The second study, led by researchers at Gothenburg University in Sweden, involved 4,047 obese volunteers, 2,010 who underwent some form of bariatric surgery and 2,037 who received conventional obesity treatment, including lifestyle intervention, behavior modification or no treatment at all. Ten years after surgery, researchers report, the bariatric surgery patients had lost more weight and had a 24% lower risk of death than the comparison group. Though the overall number of subjects in this study is much smaller than the first, the results confirm general benefits of bariatric surgery, and gastric bypass in particular: after 10 years, bypass patients had maintained a 25% weight loss, compared to a 16% loss in patients who had stomach stapling, and 14% in those who underwent a banding procedure.
In both studies, surgery patients had an overall lowered risk of death, but an interesting finding in the Utah study shows that these patients were 58% more likely to die from other causes, such as suicide and accidents. The authors speculate that as people lose weight and become more active, they also become more prone to accidents, which may up their risk of death.

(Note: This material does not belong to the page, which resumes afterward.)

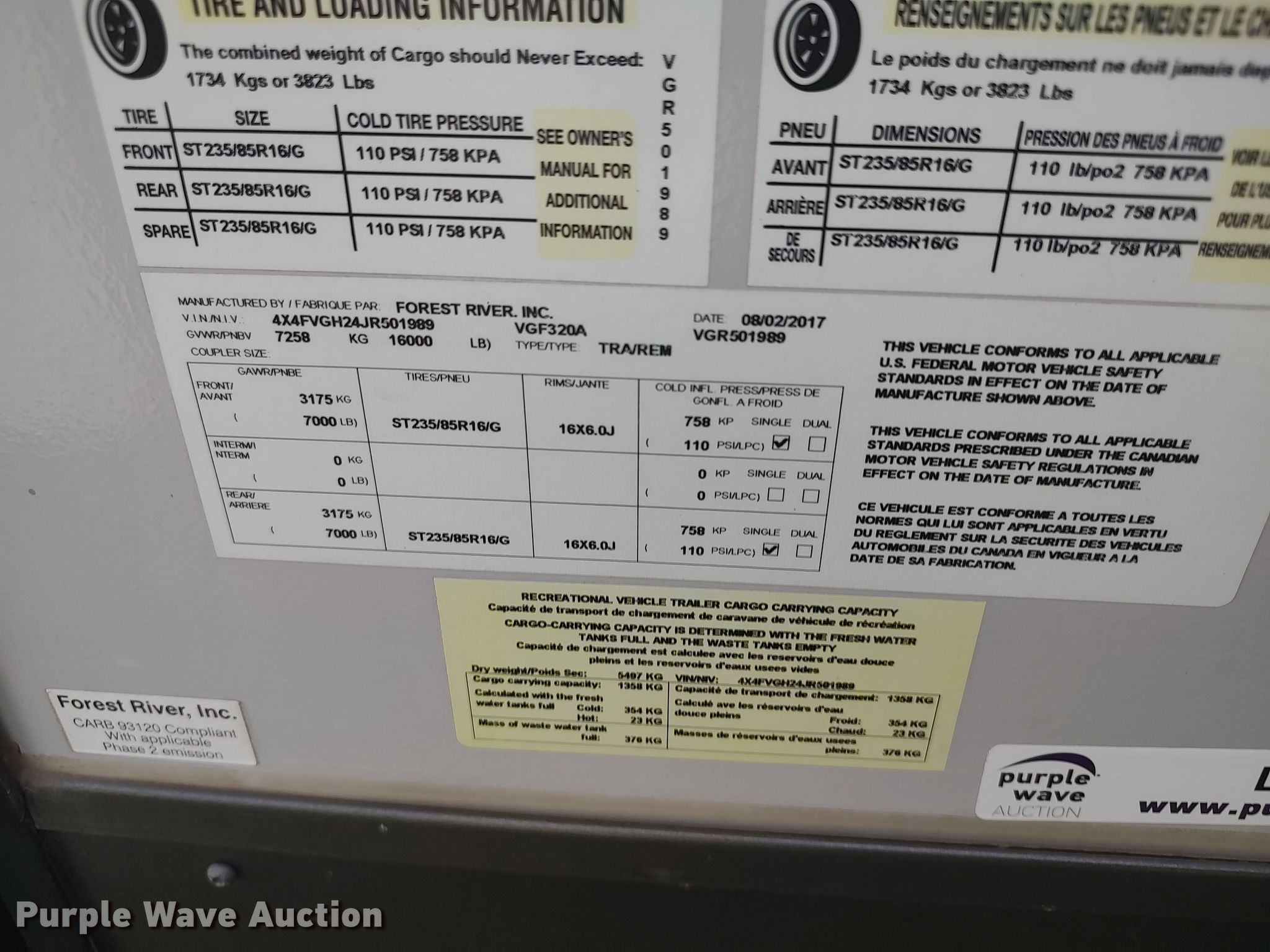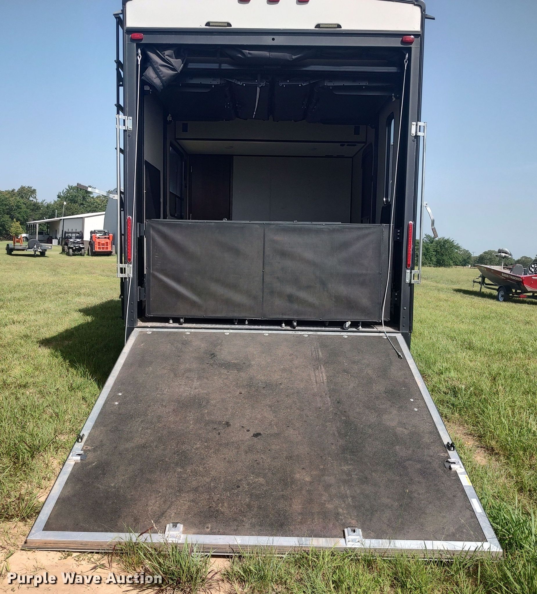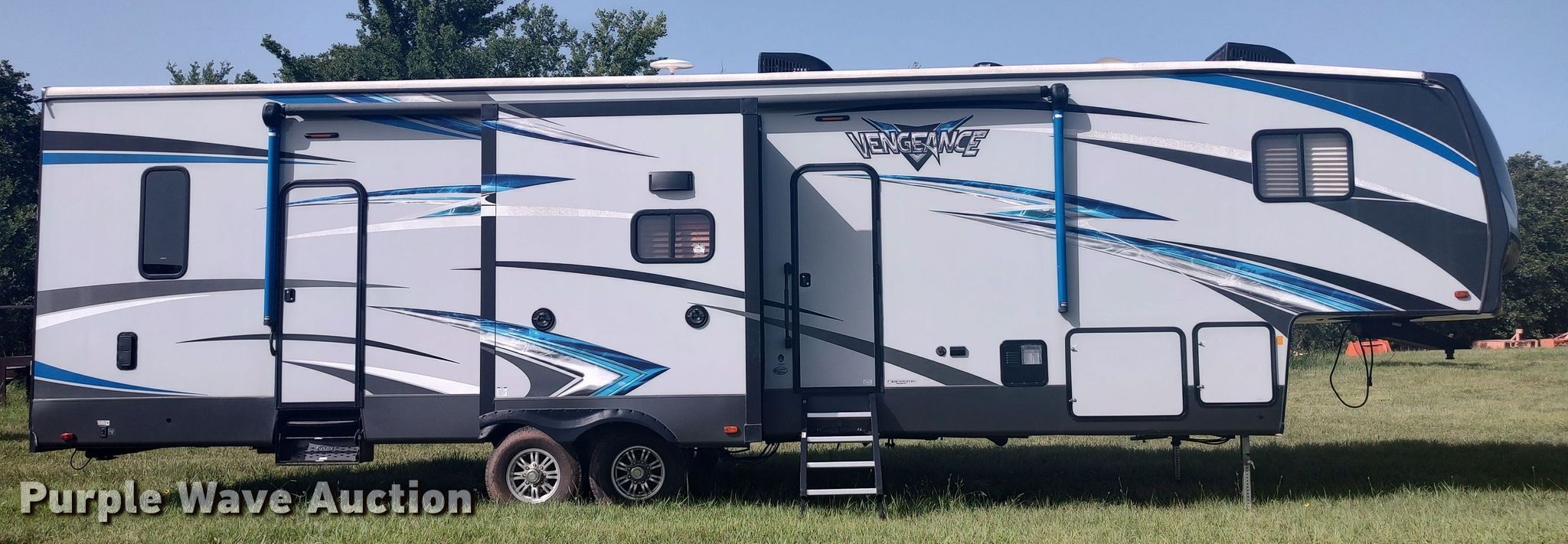 Purple Wave is selling a used RV or Camper in Oklahoma. This item is a 2018 Forrest River Vengeance toy hauler camper with the following: Camper length: 33', Toy hauler cabin: 12' L x 96" W, VIN: 4X4FVGH24JR501989, Claim #: 1-816385

Surgery patients may also have pre-existing psychological problems a history of abuse, perhaps that can't be resolved by losing weight. "There have been some studies reporting that following bariatric surgery, some individuals may be more prone to chemical dependency, such as increased alcohol use," says Adams. "There's some speculation that certain addictive behaviors that are in place before the surgery with food, for example are transferred to alcohol or another addictive behavior."
"Hopefully this research will stimulate additional evaluation of what the optimal approach is for evaluating candidates for this surgery," says Adams. "I think we should never lose track of the importance of individual evaluation of benefits and risks."
Last year, an estimated 177,600 patients underwent bariatric surgery, a figure that's likely to grow as Americans get fatter and fatter. Though modern surgery techniques have become more sophisticated, less invasive and safer than in the past, the bariatric procedure still carries all the risks of any other operation. Patients have a .5% to 1% chance of death. The risk of gallstones goes up. Sometimes a second surgery is necessary. And all patients must be careful to make up for vitamin and mineral deficiencies. The surgery isn't for everyone; current guidelines recommend it as a last resort, only for the morbidly obese who have a BMI of 40 and higher, or for the obese with a BMI of 35 and higher plus a serious weight-related illness like diabetes or hypertension.